[Task requirements]
Exact copies of the lines from the start of the records through the line with "Suéter de Cachemira" are what the answer must hold; pictures are not part of it.
==========
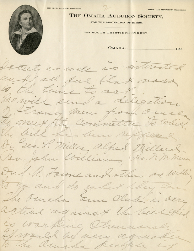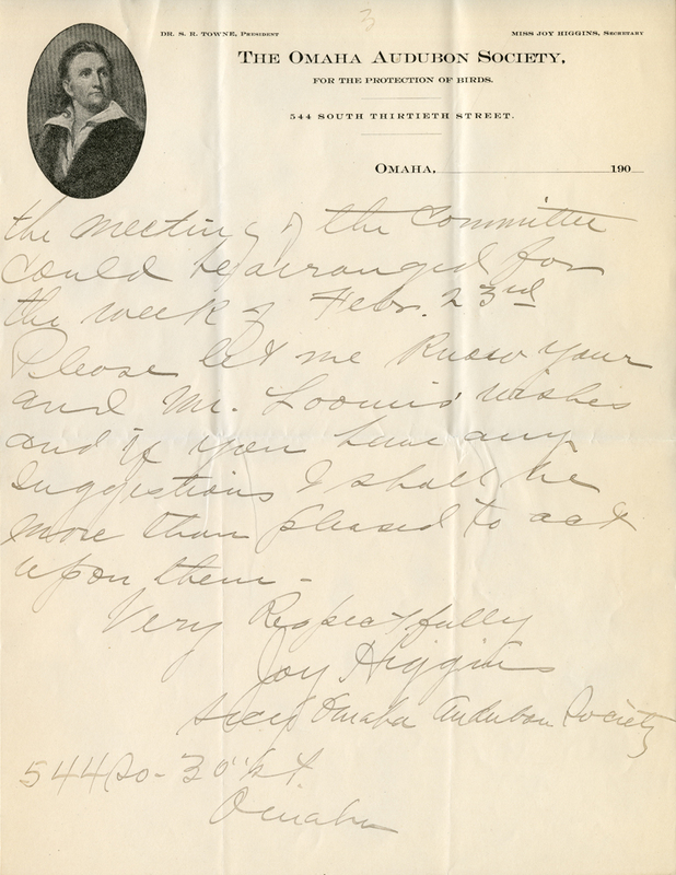 the meeting of the committee could be arranged for the week of Febr. 23rd Please let me know your and Mr. Loomis' wishes and if you have any suggrestions I shall be more than pleased to act upon them. Very Respectfully Joy Higgins Secy Omaha Audubon Society 544 So. 30th St. Omaha
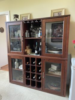 Elegant dark cherry 2-piece wine bar cabinet buffet with hutch, retail price $2000$400Bellevue, WA
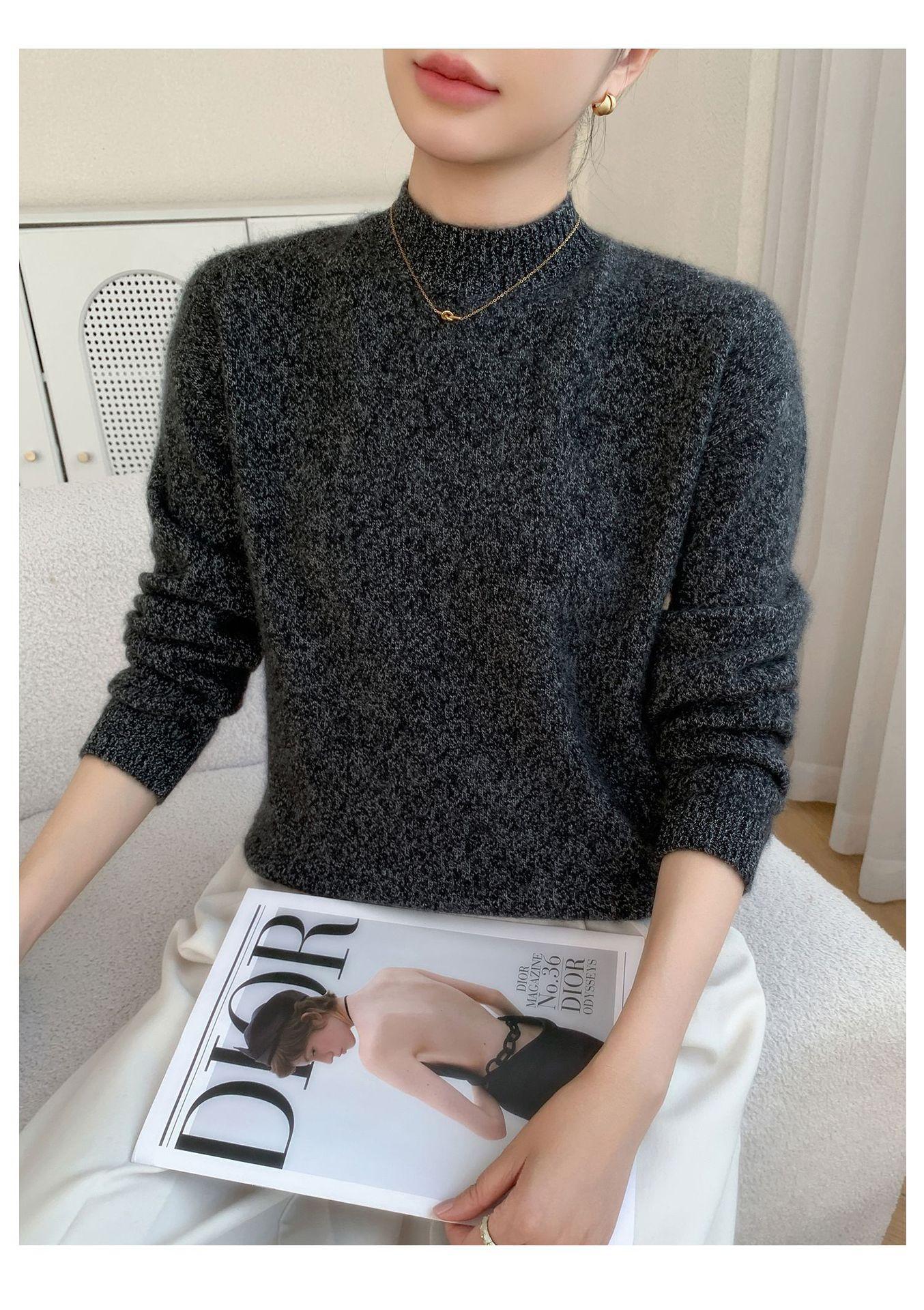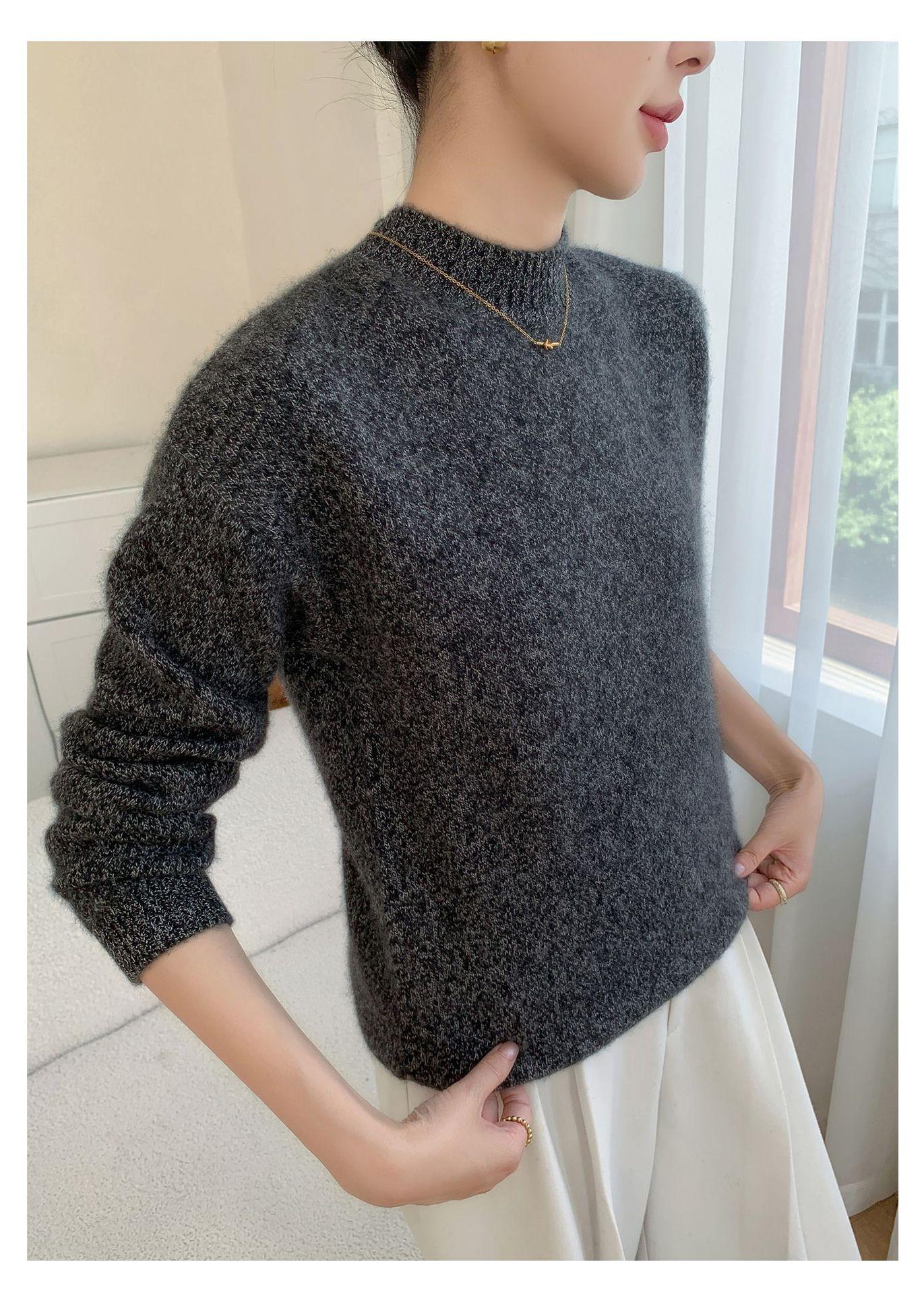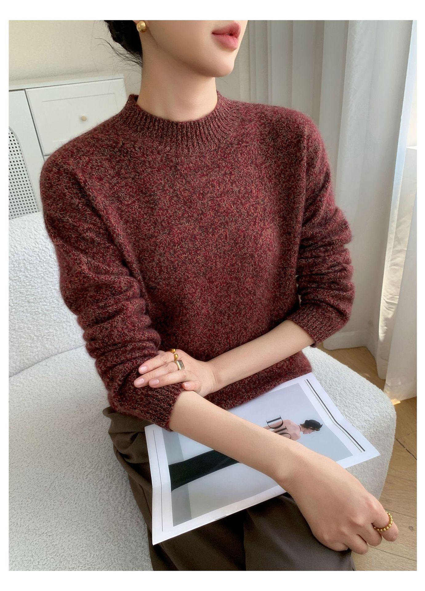 Suéter de Cachemira de Cuello Redondo Nuevo Invierno 2025 para Mujer, Tejido Grueso de Hombro Caído Marl Holgado Adelgazante, Capa Base Tejida Cálida de Lana
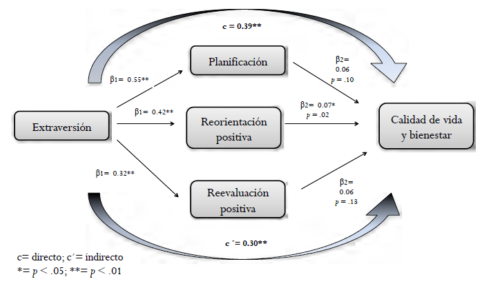 Si analizamos la Figura 2 (modelo M2-pag 128), observamos que presenta un patrón similar al modelo M1. Los efectos indirectos al primer mediador son todos significativos y son aquellos que parten de la variable de personalidad extraversión hacia las estrategias de regulación emocional en niños: planificación (β1 = .5556; p = . 0001); reorientación p ositiva ( β1 = . 4215; p = . 0002 y ; r eevaluación p ositiva ( β1 = . 3252; p = .0014). Los coeficientes de regresión de las estrategias de regulación emocional hacia la calidad de vida en niños son los siguientes: planificación (β2 = .0685; p = .1059); r eorientación p ositiva ( β2 = . 0778; p = . 0262 y ; reevaluación positiva (β2 = .0626; p = .1308), siendo significativa solamente la relación entre reorientación positiva y calidad de vida. Observamos una mediación parcial del efecto directo: c =.3950p = .0001; c’ = .3038 p = .0001.
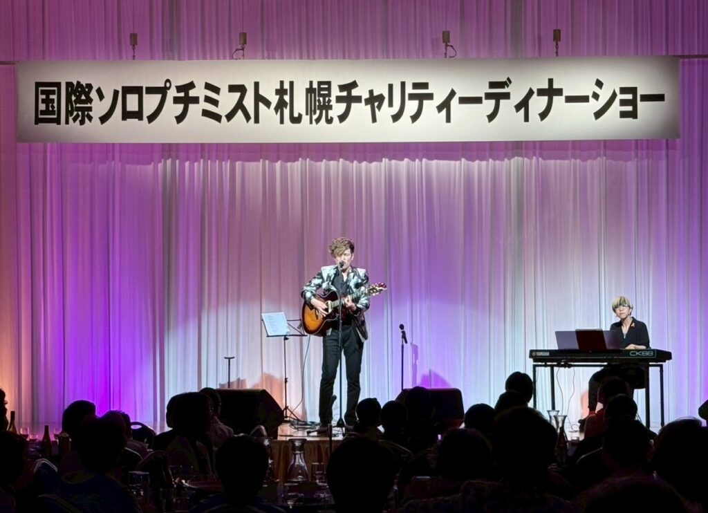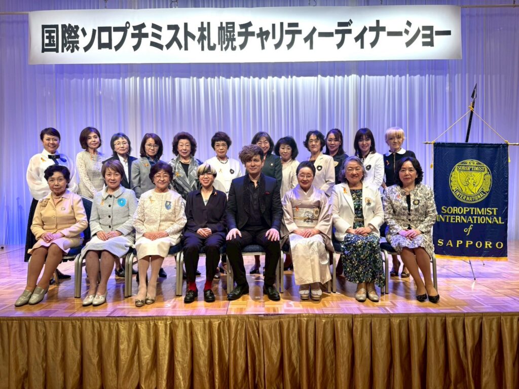 札幌グランドホテルを会場に、339名のお客様でした。小熊会長の開会挨拶に続き、札幌市児童相談所所長、宮本まゆみ様より札幌市の児童虐待の現状や、当会のオレンジリボン寄贈についてお話いただきました。また、盛岡より篠村千恵子ガバナー、函館より河村めぐみセクレタリーもお越しくださり、篠村様からも一言ご挨拶を頂戴しました。美味しいお食事に続き、川島ケイジさんがお客様の間から登場。長身、甘いマスクにセクシーなハスキーボイス、オリジナル曲、カバー曲、アンコールも2曲歌われあっという間の1時間でした。同時開催のバザーにも沢山のお客様でした。
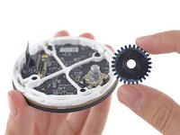 Popping off the final guard, the greased gear is free to go. The Echo's spinning input wheel is similar to that of the Nest Thermostat, but is implemented completely differently.
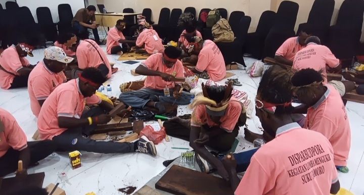 KBRN, Mimika: Lestarikan budaya, Dinas Pariwisata kebudayaan Pemuda dan Olahraga (Disparbudpora) Kabupaten Mimika Provinsi Papua Tengah gelar lomba mengukir patung suku Komoro.
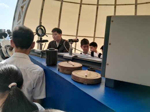 12 апреля 2024 года преподаватели Сангаджиева Л.Б., Очирова Т.Л. в рамках профориентационной работы провели мастер-класс «Космос и мы» для обучающихся 9 класса МБОУ «ЭКГ» на базе молодежной лаборатории Физики Солнца. Во время мероприятия школьники встретились с директором лаборатории Дертеевым С.Б., который во время экскурсии рассказал о проводимых молодыми учеными исследованиях, показал телескоп. Ребята с большим интересом задавали вопросы о Солнце.
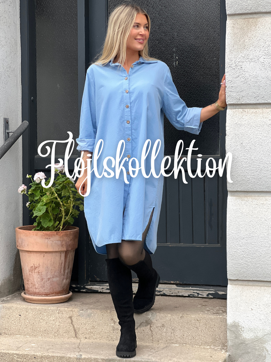 Forudbestil uge 6 Danica fløjls kjole-tunika med knapstolpe light jeans LikeLondon
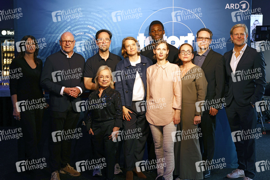 Sophie Seitz, Markus Lewe, Jan Josef Liefers, ChrisTine Urspruch, Isabel Prahl, Bineta Hansen, Bless Amada, Regine Bielefeldt, Alexander Bickel und Jan Kruse bei der Premiere des ARD Fernsehfilms 'Tatort - Fiderallala' im Cineplex. Münster, 02.04.2025
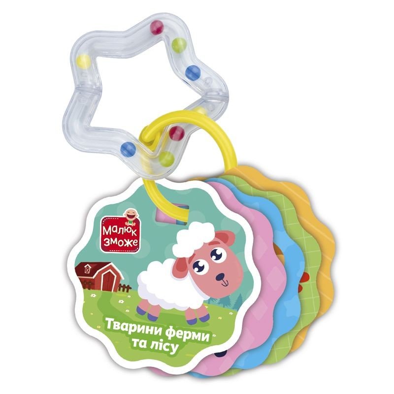 Іграшка-набір, що складається з 6-ти карток з яскравими картинками та прозорого брязкальця, всередині якого видно різнокольорові кульки. Картки та брязкальце скріплені кільцем, яке можна зняти або прикріпити картки до коляски або ліжечка за його допомогою. Граючи з картками, дитина зможе тренувати логічне мислення, дрібну моторику рук, памʼять та уяву. Виконані із міцного картону.
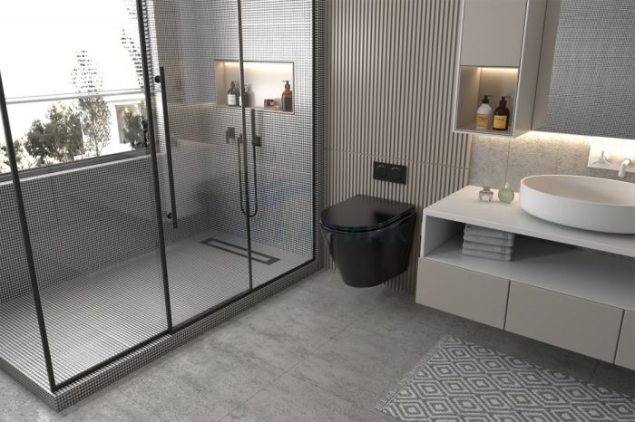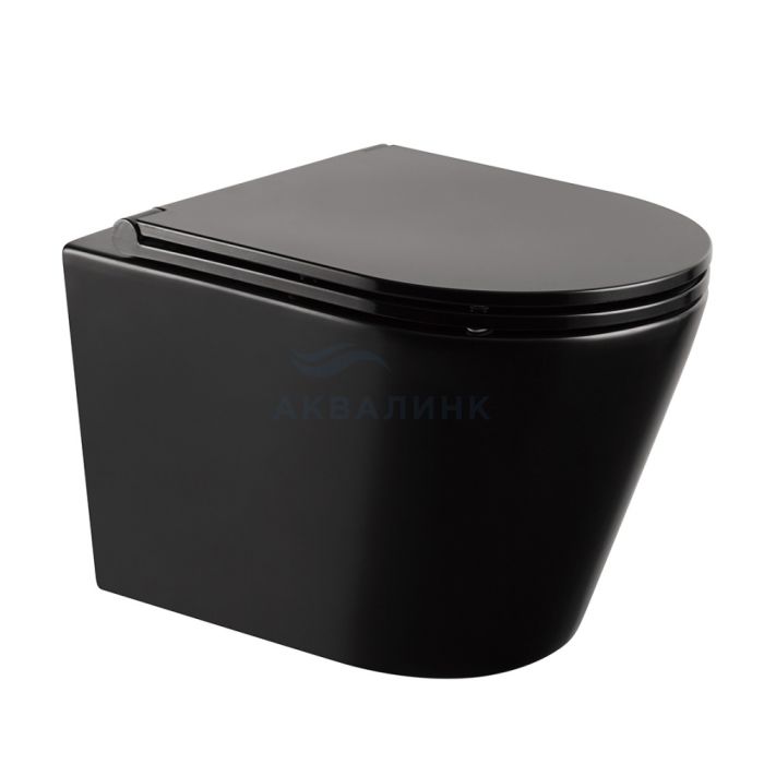 Унитаз подвесной безободковый Abber Bequem AC1102MB укороченный с микролифтом черный матовый
==========
[Your solution]
 the meeting of the committee could be arranged for the week of Febr. 23rd Please let me know your and Mr. Loomis' wishes and if you have any suggrestions I shall be more than pleased to act upon them. Very Respectfully Joy Higgins Secy Omaha Audubon Society 544 So. 30th St. Omaha
 Elegant dark cherry 2-piece wine bar cabinet buffet with hutch, retail price $2000$400Bellevue, WA
 Suéter de Cachemira de Cuello Redondo Nuevo Invierno 2025 para Mujer, Tejido Grueso de Hombro Caído Marl Holgado Adelgazante, Capa Base Tejida Cálida de Lana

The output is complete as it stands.